Nawet w najśmielszych snach bym nie przypuszczała, że zrobię (w tym roku, kiedykolwiek..) syrop z czarnego bzu. Od dziecka mówiono mi, jakie to trujące, nie wolno, bla, bla..
Oczywiście, jak przystało na młodego człowieka, gdy tylko usłyszałam 'Patrz jak kwitnie czarny bez!', od razu i bez wyrzutów, zaczęłam zrywać. W jakimś dzikim amoku, jakby obok stał ktoś z pistoletem w ręce i celował w moje dłonie i koszyk. Ukrywa się w tym poniekąd źdźbło prawdy, gdyż błądząc pomiędzy krzykami zupełnie niespodziewanie, zaraz obok mojej stopy, znikąd, wyrosła OGROMNA, przeraźliwa, obślizgła, brrr (!!!) ropucha. Narobiłam wrzasku, rozsiałam panikę, choć w gruncie rzeczy, nie wiem która z nas bała się bardziej podczas tego spotkania. Groziła mi śmierć z przerażenia!
I nawet mój szanowny pies zaczepno-obronny nie ruszył w pogoni za Bufo bufo*. Tak bardzo kocha swoją pańcie.
Gdy emocje już opadły... w wielkim garze stały płateczki bzu zalane trzema litrami wody i trzema kilogramami cukru.
A po czterech dniach czekania..
Mam swój własny syrop z czarnego bzu! Być może jeszcze gdzieniegdzie znajdziecie w miarę przydatne kwiaty, lecz graniczy to lekko z cudem. Jestem bardzo zaskoczona i zadowolona z mojego wyczynu, więc dzielę się z Wami tą miłą zabutelkowaną cieczą ;)

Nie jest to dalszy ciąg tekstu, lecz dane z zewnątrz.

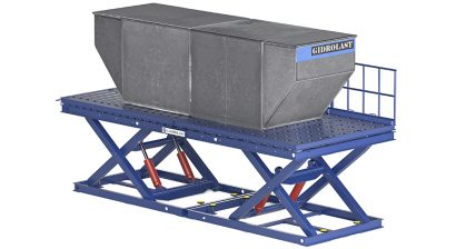 Ножничные подъемные столы оборудованы рольгангом для быстрой разгрузки погрузки авиационных контейнеров максимальной длиной до 3500мм, шириной до 2500мм (тип 2BG-IATA). Данные подъемники нашли широкое применение на авиационных складах в условиях многоуровневого типа хранения и предназначенны для облегчения «скатывания» контейнера без использования грузоподъемных механизмов. столы оборудованы клапанами безопасности для предотвращение падения груза в случае возникновении нештатной ситуации.

Cały przepis podglądnęłam tutaj u Bei.
*Mój syrop powstał z niezliczonej ilości baldachów.
*Nazwa systematyczna (cokolwiek to znaczy) ropuchy szarej ;)
Udanego weekendu! :)
Pozdrawiam,
Praline
Fajny wpis :) pozdrawiam cieplutko :P
OdpowiedzUsuńJa pamiętam sok z owoców czarnego bzu, cudowny. Lekko cierpki, lekko słodki, idealny. Wspaniałe zdjęcia, piękny kolor syropu. Czuć lato.
OdpowiedzUsuńciekawa jestem tego specyfiku :)
OdpowiedzUsuńostrożnie z piciem syropu, pralinko, bo zaleca się tylko 1 łyżkę dziennie, ponieważ działa pobudzająco na serce ;)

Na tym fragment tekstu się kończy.